WHAT THIS TASK INVOLVES - The needed output is the run of lines below from the one containing "- 【Dual-Texture Design" through the one containing "حرف الغين (غ)", copied exactly and free of pictures.

THE DATA -
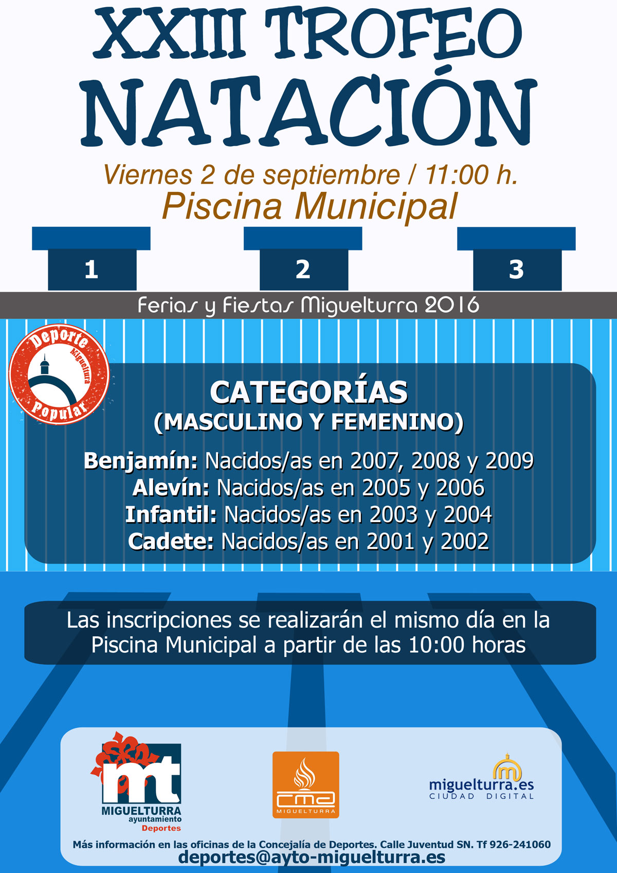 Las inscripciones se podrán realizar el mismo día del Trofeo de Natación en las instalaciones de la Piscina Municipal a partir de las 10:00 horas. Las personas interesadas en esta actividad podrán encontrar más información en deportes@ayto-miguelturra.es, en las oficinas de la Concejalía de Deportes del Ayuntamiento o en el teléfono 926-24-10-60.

--

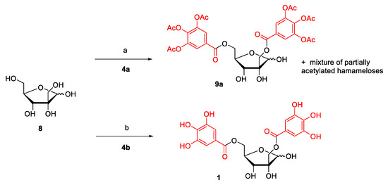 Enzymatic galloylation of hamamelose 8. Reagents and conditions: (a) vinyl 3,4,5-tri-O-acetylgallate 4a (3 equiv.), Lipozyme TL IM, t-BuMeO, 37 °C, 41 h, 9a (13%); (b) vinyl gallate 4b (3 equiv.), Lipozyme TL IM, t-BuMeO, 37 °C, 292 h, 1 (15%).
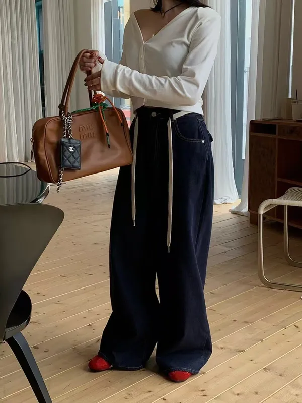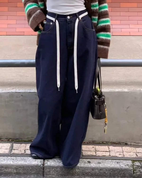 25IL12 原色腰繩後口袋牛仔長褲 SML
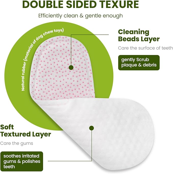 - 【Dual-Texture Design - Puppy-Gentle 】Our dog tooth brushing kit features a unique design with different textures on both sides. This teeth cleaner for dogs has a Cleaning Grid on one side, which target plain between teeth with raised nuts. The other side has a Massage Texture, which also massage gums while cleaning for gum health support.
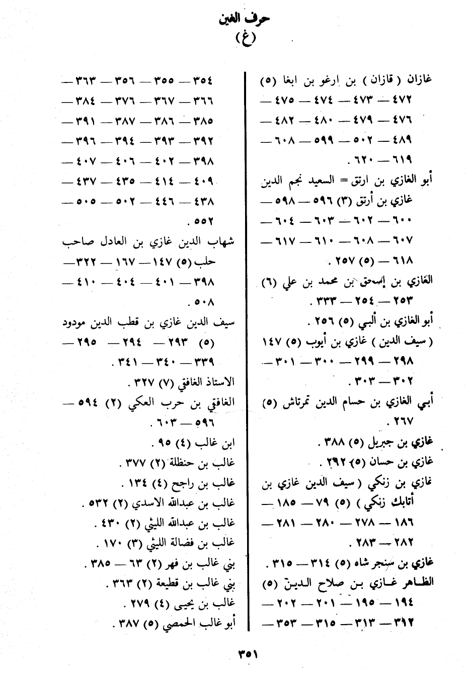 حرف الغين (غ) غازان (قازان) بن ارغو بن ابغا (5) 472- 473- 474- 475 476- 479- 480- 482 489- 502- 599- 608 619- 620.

RESULT OF THIS TASK -
 - 【Dual-Texture Design - Puppy-Gentle 】Our dog tooth brushing kit features a unique design with different textures on both sides. This teeth cleaner for dogs has a Cleaning Grid on one side, which target plain between teeth with raised nuts. The other side has a Massage Texture, which also massage gums while cleaning for gum health support.
 حرف الغين (غ) غازان (قازان) بن ارغو بن ابغا (5) 472- 473- 474- 475 476- 479- 480- 482 489- 502- 599- 608 619- 620.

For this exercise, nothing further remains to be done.